***** Records for the exercise *****
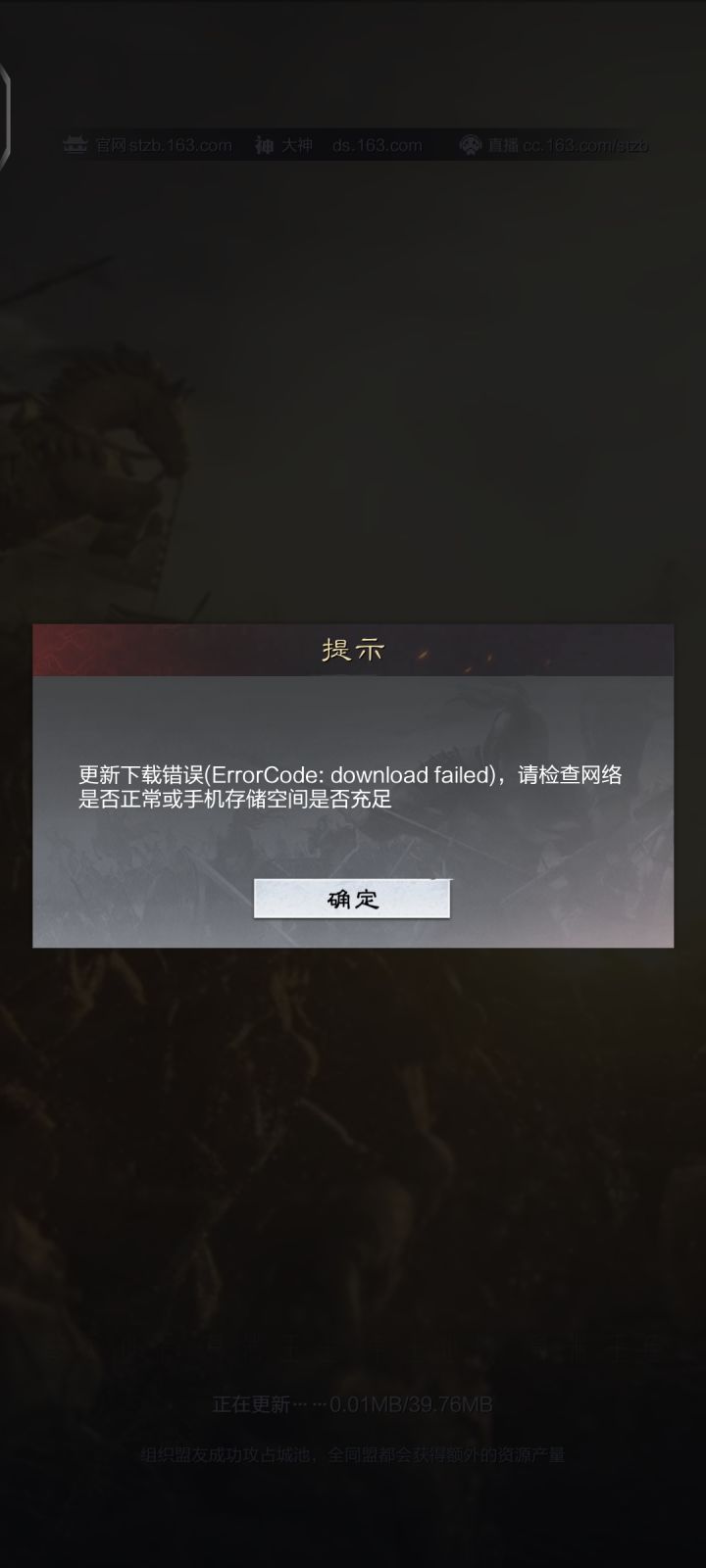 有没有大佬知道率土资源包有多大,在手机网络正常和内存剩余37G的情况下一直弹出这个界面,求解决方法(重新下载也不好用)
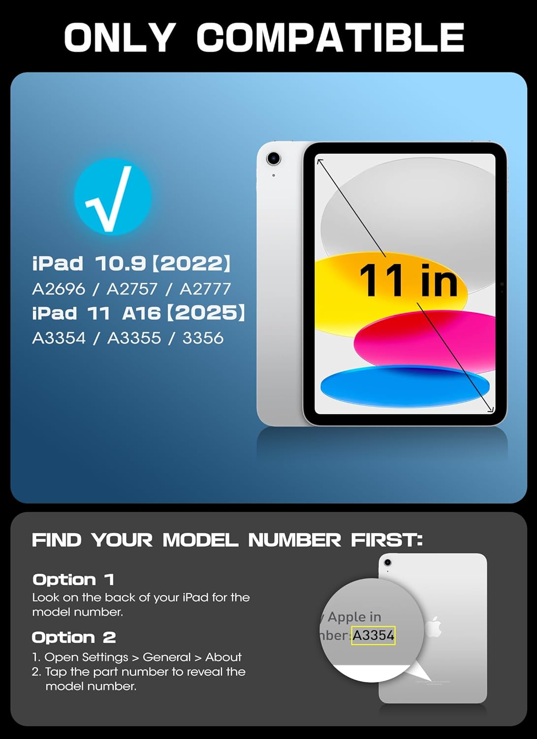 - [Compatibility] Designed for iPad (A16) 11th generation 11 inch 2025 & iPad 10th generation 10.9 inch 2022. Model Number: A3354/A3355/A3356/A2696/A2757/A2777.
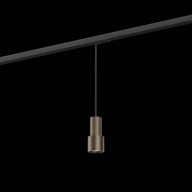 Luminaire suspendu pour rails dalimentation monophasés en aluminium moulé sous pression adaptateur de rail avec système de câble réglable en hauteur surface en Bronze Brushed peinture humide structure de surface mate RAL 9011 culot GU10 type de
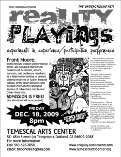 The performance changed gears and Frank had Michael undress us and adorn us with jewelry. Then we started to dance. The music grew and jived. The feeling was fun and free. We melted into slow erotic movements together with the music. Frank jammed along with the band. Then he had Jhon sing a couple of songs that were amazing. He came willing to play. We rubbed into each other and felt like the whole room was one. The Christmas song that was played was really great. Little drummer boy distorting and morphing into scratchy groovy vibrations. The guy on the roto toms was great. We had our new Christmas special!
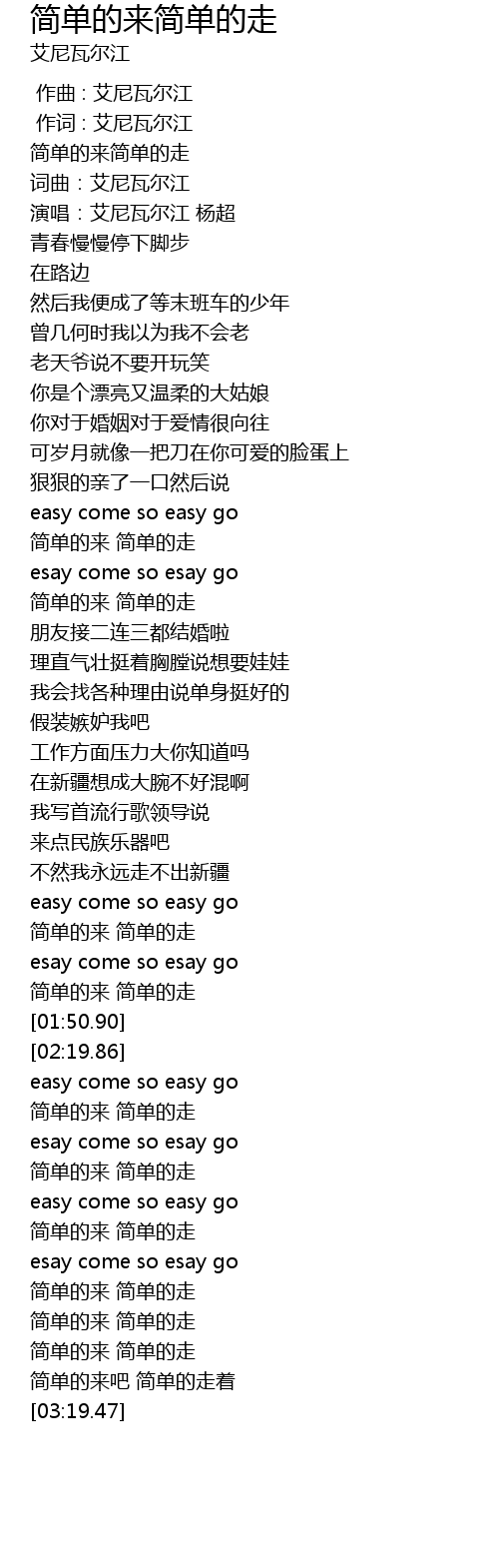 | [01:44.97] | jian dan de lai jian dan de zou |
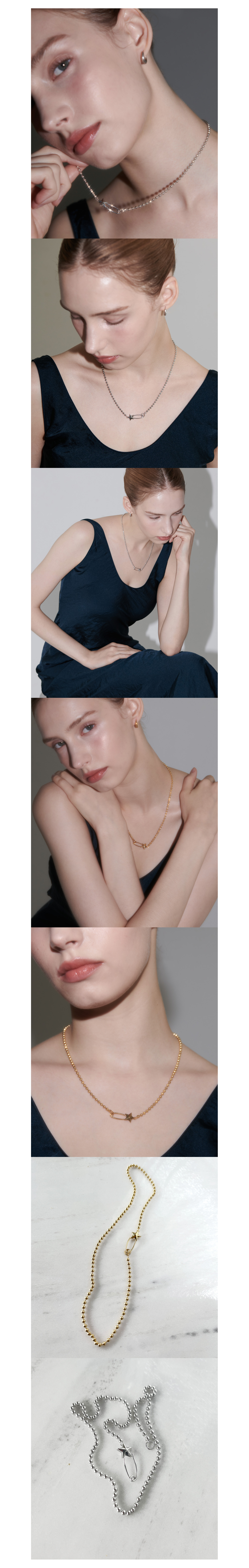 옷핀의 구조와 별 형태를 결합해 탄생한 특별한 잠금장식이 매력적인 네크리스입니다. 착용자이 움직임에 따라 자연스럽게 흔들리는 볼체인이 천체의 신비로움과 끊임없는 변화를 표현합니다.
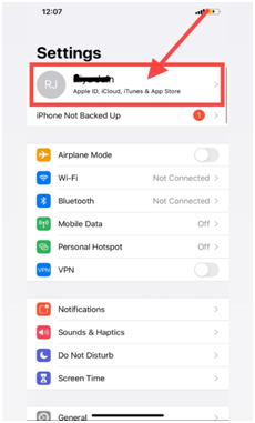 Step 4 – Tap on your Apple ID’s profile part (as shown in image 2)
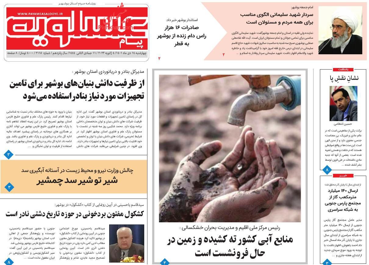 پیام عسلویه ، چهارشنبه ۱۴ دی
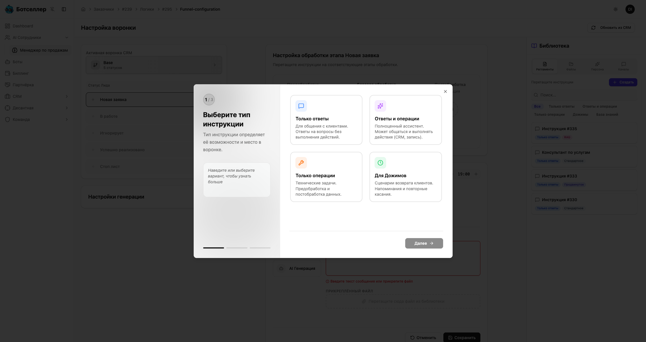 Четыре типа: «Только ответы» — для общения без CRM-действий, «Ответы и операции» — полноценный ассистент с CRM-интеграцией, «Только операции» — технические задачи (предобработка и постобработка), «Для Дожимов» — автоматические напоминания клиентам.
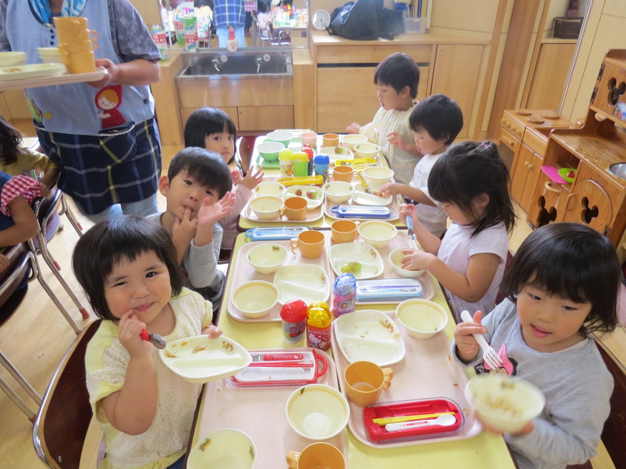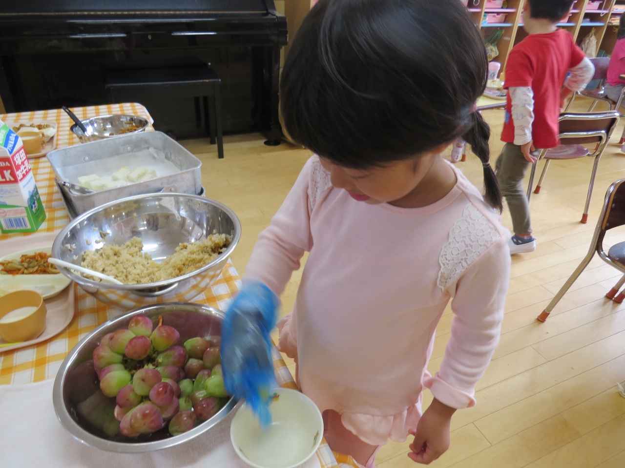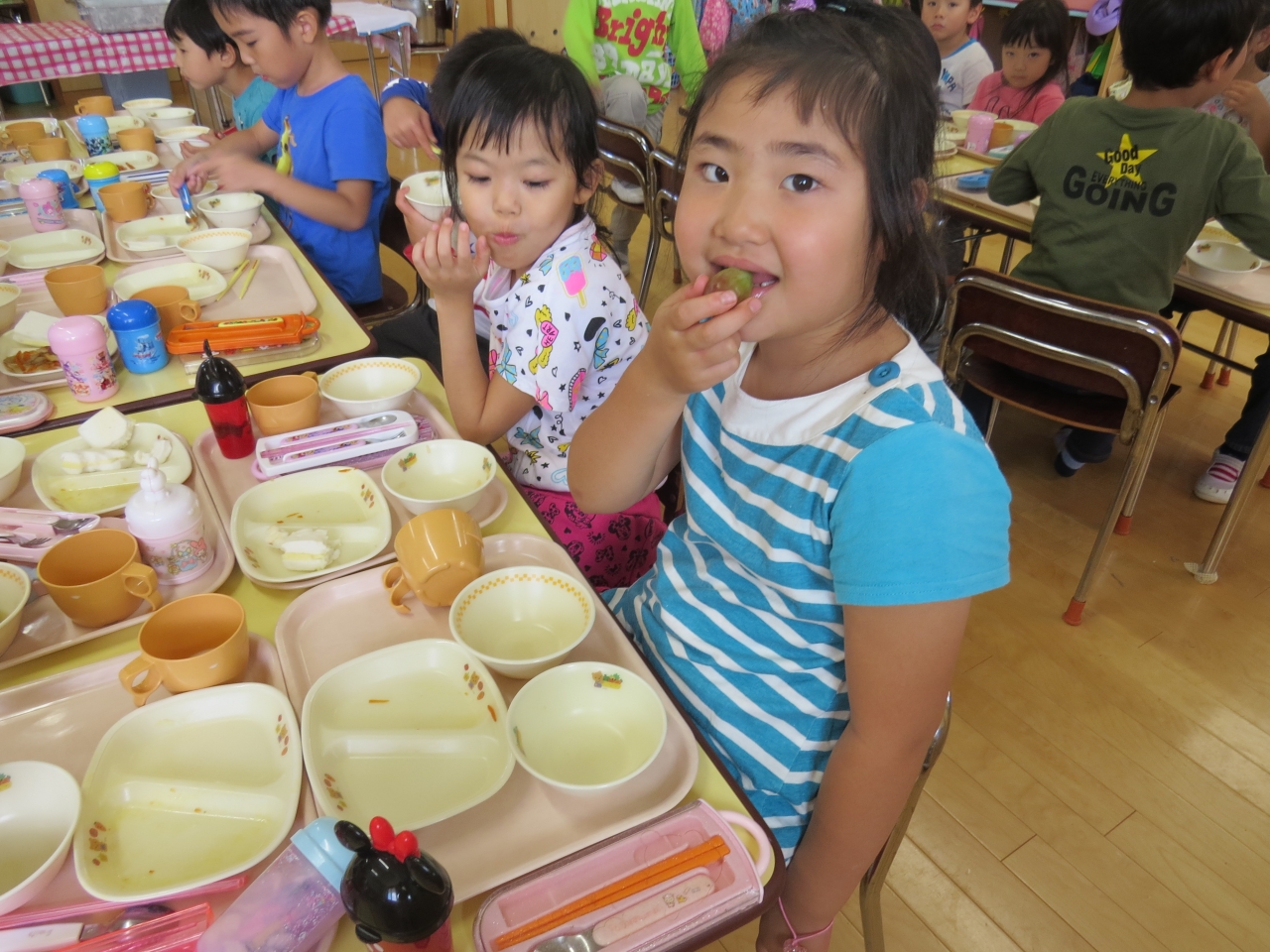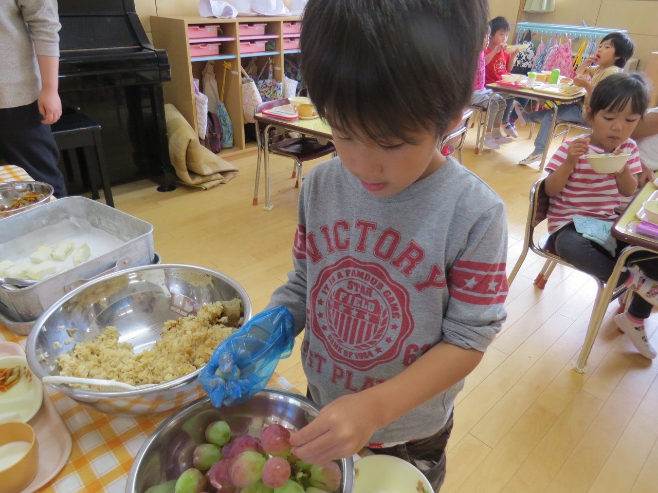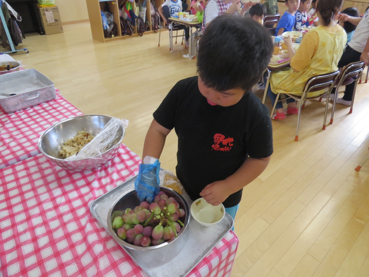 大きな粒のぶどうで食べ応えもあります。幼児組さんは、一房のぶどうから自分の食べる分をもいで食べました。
*****
• Instructions to follow: Your answer must be everything above from the line with "dan de zou |" down to the line with "پیام عسلویه ، چهارشنبه ۱۴ دی", word for word, and no pictures.

• Your solution:
 | [01:44.97] | jian dan de lai jian dan de zou |
 옷핀의 구조와 별 형태를 결합해 탄생한 특별한 잠금장식이 매력적인 네크리스입니다. 착용자이 움직임에 따라 자연스럽게 흔들리는 볼체인이 천체의 신비로움과 끊임없는 변화를 표현합니다.
 Step 4 – Tap on your Apple ID’s profile part (as shown in image 2)
 پیام عسلویه ، چهارشنبه ۱۴ دی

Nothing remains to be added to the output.